• _Supplied information_:
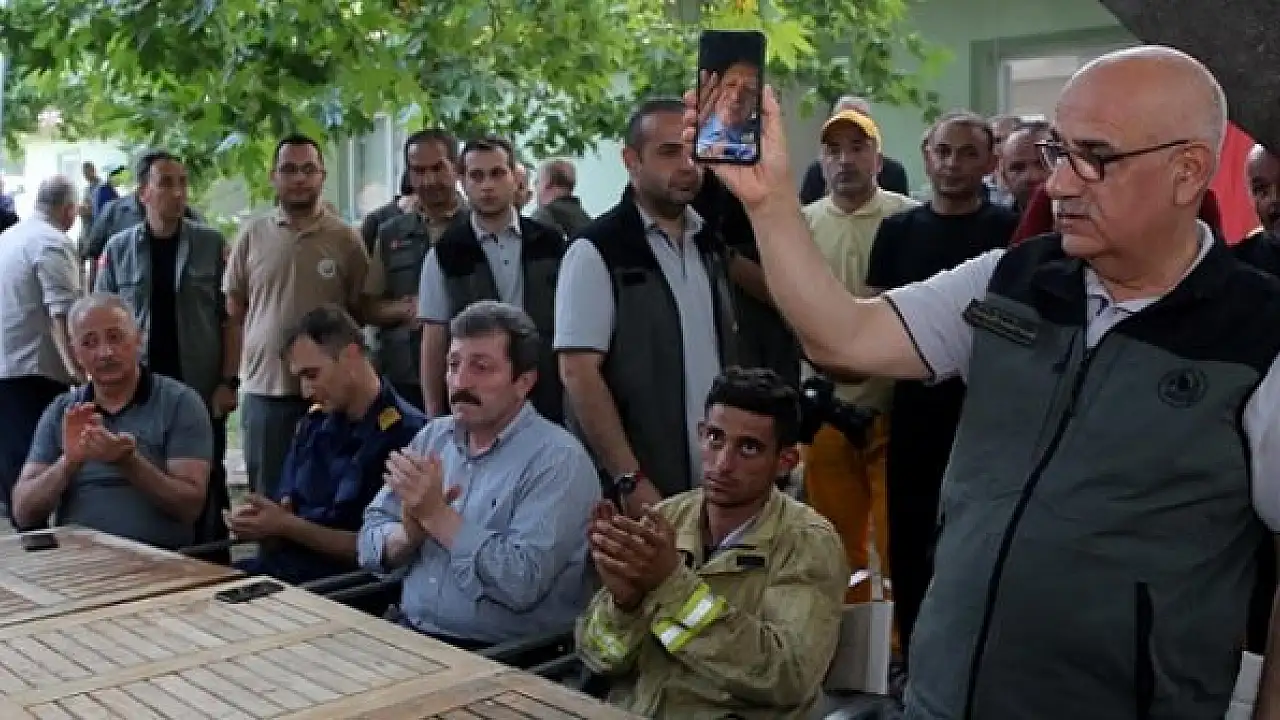 Tarım ve Orman Bakanı Vahit Kirişci, Hisarönü Mahallesi'nin Bördübet mevkisinde 21 Haziran'da başlayan ve dün kontrol altına alınan orman yangının ardından soğutma çalışmalarını sürdüren ekiplerle Değirmenyanı mevkisindeki Yangın Yönetim Merkezi'nde akşam yemeğinde bir araya geldi.
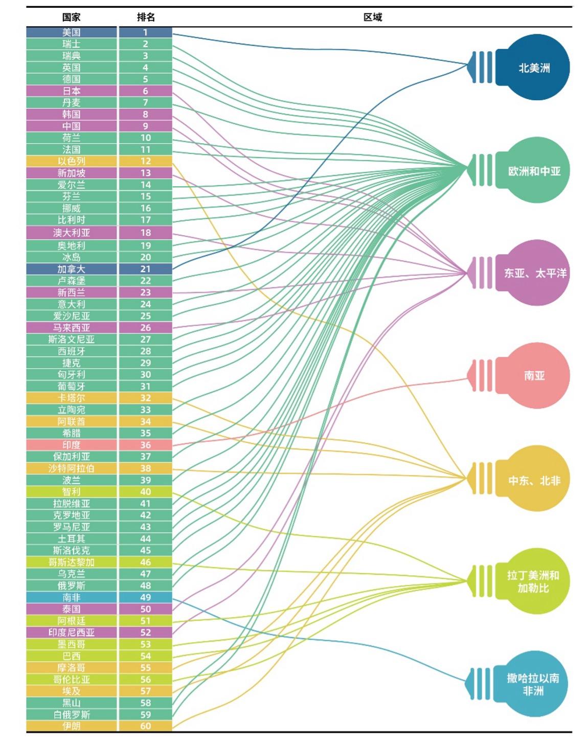 报告还显示,美国2012年综合排名第2位,2013年以来一直排名第1位。欧洲的瑞典、英国、德国综合排名上升,2025年分别排名第3位至第5位。
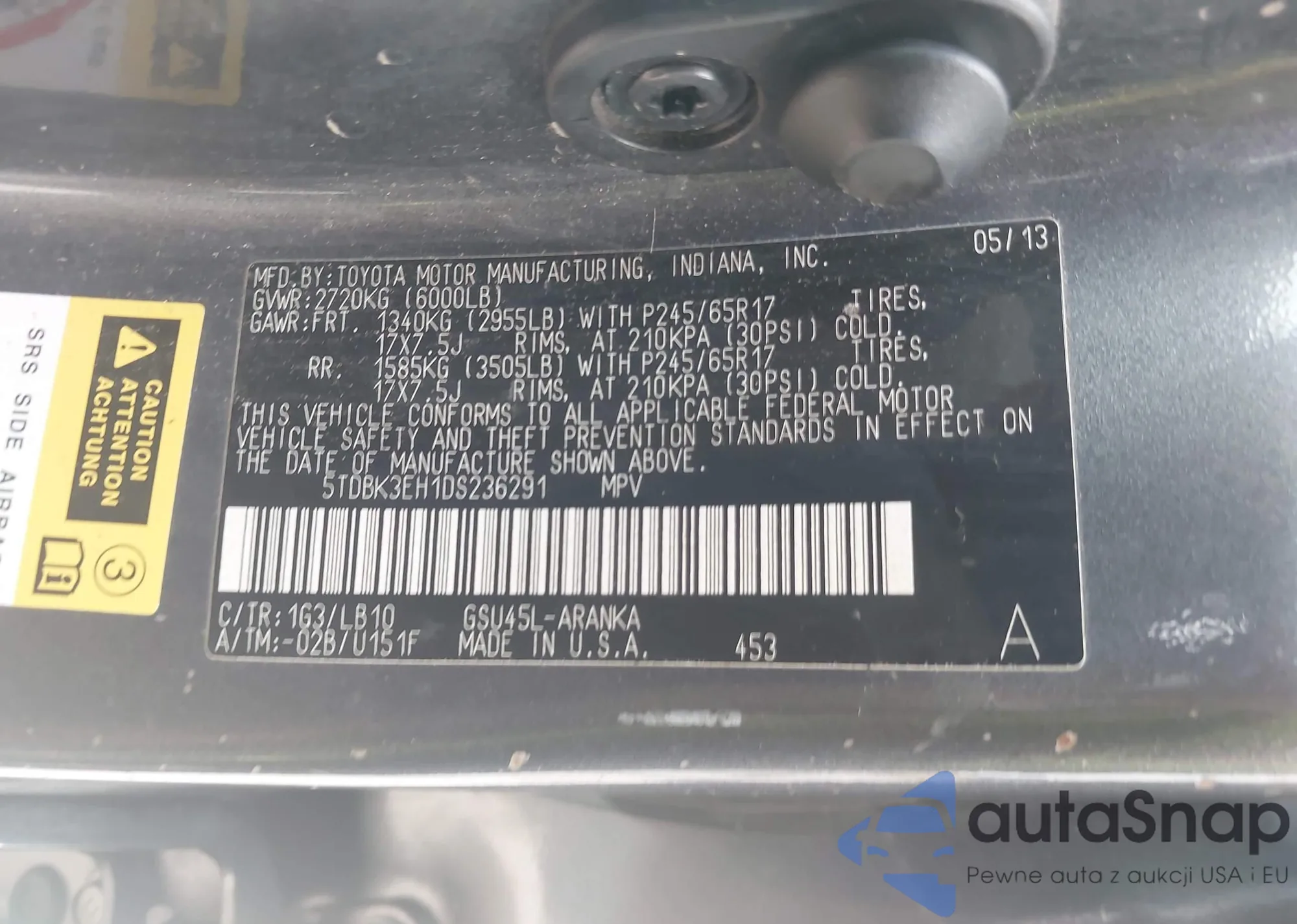 LOT: 42186971 VIN: 5TDBK3EH1DS236291

• _Goal of the exercise_: Leave the images out as you retype each line of the material exactly.

• _Exercise output_:
 Tarım ve Orman Bakanı Vahit Kirişci, Hisarönü Mahallesi'nin Bördübet mevkisinde 21 Haziran'da başlayan ve dün kontrol altına alınan orman yangının ardından soğutma çalışmalarını sürdüren ekiplerle Değirmenyanı mevkisindeki Yangın Yönetim Merkezi'nde akşam yemeğinde bir araya geldi.
 报告还显示,美国2012年综合排名第2位,2013年以来一直排名第1位。欧洲的瑞典、英国、德国综合排名上升,2025年分别排名第3位至第5位。
 LOT: 42186971 VIN: 5TDBK3EH1DS236291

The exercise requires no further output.